Now that I found myself in charge of my son’s math education, I started to branch out from the lesson plans and exercises I had purchased and tried out. Since we were working together, and he was curious, I decided to experiment a bit. First of all, I wanted to help him with a different approach to math than I had experienced. I had struggled a lot with math, up until university. Next, I wanted to be sure our approach to math was appropriate for his learning. Instead of being guided by my own experiences, I would let them inform us, but try to get my direction from kiddo and his interests.

Looking at my own struggles with mathematics required a bit of self reflection. Over the years I had thought a lot about why I had struggled, and for me, it was often because critical information was withheld. Someone, somewhere, had decided that parts of the topics I was learning weren’t age appropriate, so I would learn a certain set of facts at a certain grade level. Later on, more information would be added, and the facts and approaches I had learned were challenged or upended completely. Those transitions were hard for me. I also had trouble because I needed to understand the topic more deeply.

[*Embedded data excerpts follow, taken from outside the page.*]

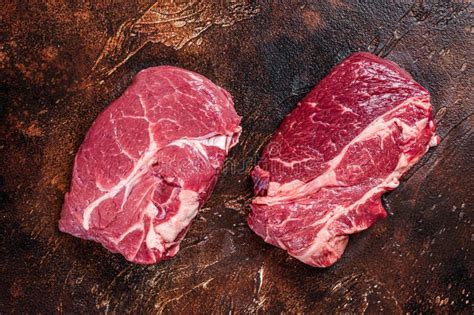 Raw Chuck Eye Roll Steak. Organic Beef. Black Background Stock Image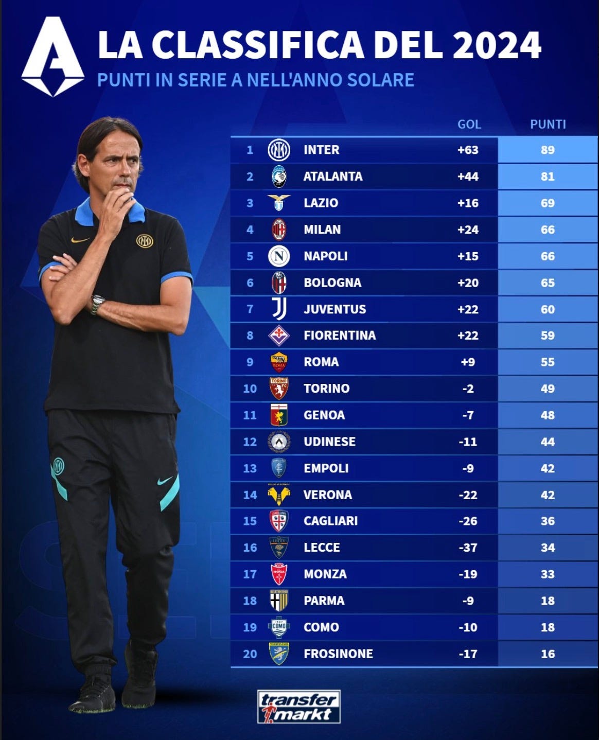 The folks at Transfermarkt have put together a ‘league table’ for the calendar year of 2024, which, perhaps unsurprisingly, shows that reigning champions Inter and current leaders Atalanta accrued the most points.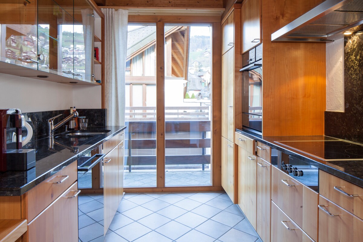 Sala de estar con chimenea, televisor LED de alta definición y zona de comedor, cocina bien equipada con lavavajillas, cafetera y vaporera/horno, set de fondue para raclette, carne y queso, baño con ducha y WC en esta planta. En la planta superior, habitación doble (con balcón pequeño), una habitación con dos camas y un baño con bañera, ducha y Closomat. • Garaje subterráneo con ascensor al apartamento, aparcamiento gratuito disponible. • Cuarto de esquís y lavandería en el sótano. Wifi gratuito.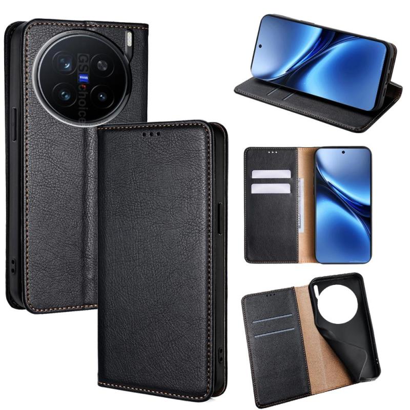 Θήκη τηλεφώνου για vivo X200 Pro 5G, Μαγνητική Δερμάτινη, Στιλ Λάδι Γυαλιστερό, Μονόχρωμη (Μαύρο)
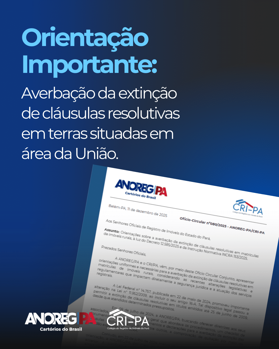 A Associação dos Notários e Registradores do Pará (ANOREG/PA) e o Colégio Registral Imobiliário do Pará (CRI/PA) divulgaram, nesta quarta-feira (11), o Ofício-Circular nº 080/2025, documento que estabelece orientações uniformes para todos os Oficiais de Registro de Imóveis do Estado sobre os procedimentos necessários para a averbação da extinção de cláusulas resolutivas em matrículas de imóveis rurais.

When I would ask questions about math topics, particularly with regards to their application in real life, I didn’t get satisfying answers.

Most of the time, the explanations from the teachers didn’t leave me feeling like I fully understood the topic. In fact, I wasn’t able to delve deeply enough in math concepts to truly own them until I took math classes in university. I memorized and applied, but I didn’t fully understand. It wasn’t until I had a math tutor in Grade 12 that I found someone who could fill in those blanks for me. When I went to university, that changed. Whenever I asked math professors “why” questions, they usually appreciated it and explained further, or pointed me to publications with alternative explanations, or trips to the library. I was also inspired by how some of my math and computer science professors taught math to their own kids. They focused on simple, intuitive application that was relevant to kiddos, and they didn’t gatekeep and withhold information. Once things began to click for my math brain in university, I vowed that my kids would get help on the “why” questions. If it was from me, then so be it.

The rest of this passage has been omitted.